• [Information]:
_____

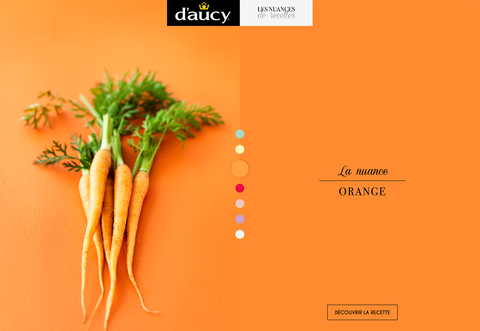 D’Aucy 在進行分屏設(shè)計的時候,選擇了更加微妙的策略。左側(cè)僅有圖片,搭配著有紋理的背景;右側(cè)的背景選擇了近似的色彩卻沒有加上紋理,僅有文本標題。兩者在保持近似一致的視覺設(shè)計的同時,又巧妙地呈現(xiàn)出差異性。
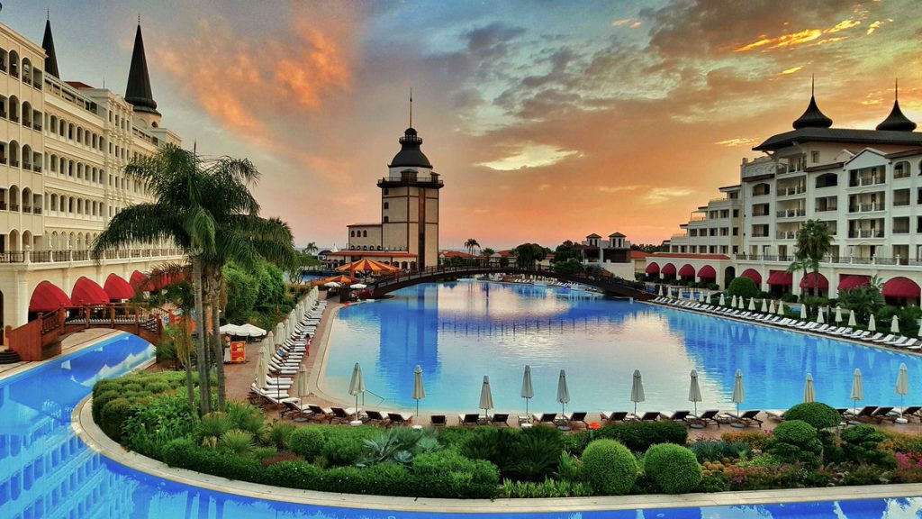Отель Titanic Mardan Palace 5* поразит любого гостя своим великолепием и восточным видом. Богатое убранство внутри, прекрасный вид на море и горные хребты. В этой гостинице расположен самый большой во всей Европе бассейн (открытый) со множеством фонтанов, мостиков, водопадов, также можно посетить аквариум и искусственно созданные острова, что привлекает многих туристов.
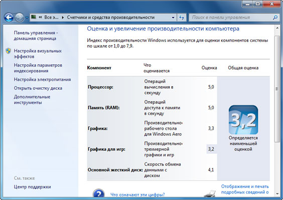 Каждый аппаратный компонент получает отдельную оценку. Базовое значение индекса производительности компьютера определяется самыми низкими очками в данном подуровне оценки. Например, если отдельный компонент получил самую низкую оценку в 3,2 очка, базовый индекс производительности также равен 3,2. Базовый индекс производительности не является средним значением оценок. Однако отдельные оценки могут дать представление о производительности компонентов и помочь понять, какие компоненты требуется обновить.
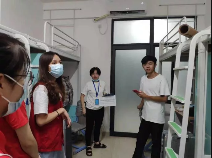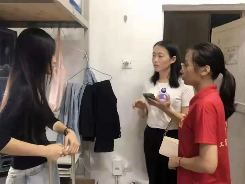 辅导员来到新生们入住的寝室,亲切地与新生进行交谈,询问他们的家乡,了解新生的家中情况,希望新生们尽快适应大学生活,尽快融入宿舍环境、融入大学生活,团结同学,处理好人际关系,强调安全注意事项等。
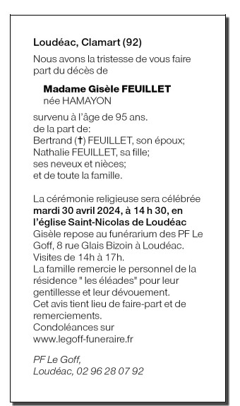 Died in Loudéac (22600, France) on 28 April 2024 at the age of 95 years
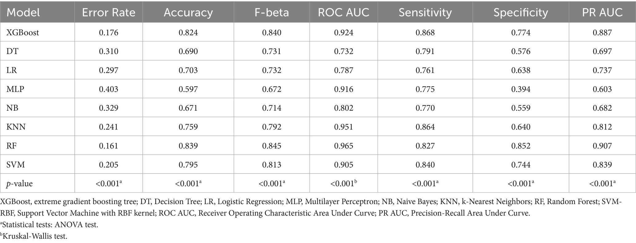 Eight machine learning algorithms were implemented using the mlr3 framework: XGBoost, decision tree, logistic regression (LR), multilayer perceptron (MLP), naive Bayes, k-nearest neighbors (KNN), RF, and support vector machine with radial basis function (SVM-RBF). These algorithms were selected for their complementary strengths and proven effectiveness in medical prediction tasks (21–23). Model performance was assessed using classification error rate, accuracy, F-beta score, area under the ROC curve (AUC), sensitivity, specificity, and area under the precision-recall curve (AUPRC). Ten-fold cross-validation ensured robust performance estimation. Statistical significance of performance differences between models was evaluated using analysis of variance (ANOVA) and the Kruskal-Wallis H test. Feature importance in the optimal model was quantified using SHAP (SHapley Additive exPlanations) values, which provide global feature rankings and local explanations for individual predictions based on game theory. All analyses were conducted in R (version 4.4.3) using the packages survey, DMwR, ggcor, mlr3, mlr3benchmark, mlr3extralearner, kernelshap, and shapviz. Statistical significance was set at p < 0.05 for all tests.

_____

Leave the images out and give the rest of the data again exactly.

• [The completed task]:
 D’Aucy 在進行分屏設(shè)計的時候,選擇了更加微妙的策略。左側(cè)僅有圖片,搭配著有紋理的背景;右側(cè)的背景選擇了近似的色彩卻沒有加上紋理,僅有文本標題。兩者在保持近似一致的視覺設(shè)計的同時,又巧妙地呈現(xiàn)出差異性。
Отель Titanic Mardan Palace 5* поразит любого гостя своим великолепием и восточным видом. Богатое убранство внутри, прекрасный вид на море и горные хребты. В этой гостинице расположен самый большой во всей Европе бассейн (открытый) со множеством фонтанов, мостиков, водопадов, также можно посетить аквариум и искусственно созданные острова, что привлекает многих туристов.
 Каждый аппаратный компонент получает отдельную оценку. Базовое значение индекса производительности компьютера определяется самыми низкими очками в данном подуровне оценки. Например, если отдельный компонент получил самую низкую оценку в 3,2 очка, базовый индекс производительности также равен 3,2. Базовый индекс производительности не является средним значением оценок. Однако отдельные оценки могут дать представление о производительности компонентов и помочь понять, какие компоненты требуется обновить.
 辅导员来到新生们入住的寝室,亲切地与新生进行交谈,询问他们的家乡,了解新生的家中情况,希望新生们尽快适应大学生活,尽快融入宿舍环境、融入大学生活,团结同学,处理好人际关系,强调安全注意事项等。
 Died in Loudéac (22600, France) on 28 April 2024 at the age of 95 years
 Eight machine learning algorithms were implemented using the mlr3 framework: XGBoost, decision tree, logistic regression (LR), multilayer perceptron (MLP), naive Bayes, k-nearest neighbors (KNN), RF, and support vector machine with radial basis function (SVM-RBF). These algorithms were selected for their complementary strengths and proven effectiveness in medical prediction tasks (21–23). Model performance was assessed using classification error rate, accuracy, F-beta score, area under the ROC curve (AUC), sensitivity, specificity, and area under the precision-recall curve (AUPRC). Ten-fold cross-validation ensured robust performance estimation. Statistical significance of performance differences between models was evaluated using analysis of variance (ANOVA) and the Kruskal-Wallis H test. Feature importance in the optimal model was quantified using SHAP (SHapley Additive exPlanations) values, which provide global feature rankings and local explanations for individual predictions based on game theory. All analyses were conducted in R (version 4.4.3) using the packages survey, DMwR, ggcor, mlr3, mlr3benchmark, mlr3extralearner, kernelshap, and shapviz. Statistical significance was set at p < 0.05 for all tests.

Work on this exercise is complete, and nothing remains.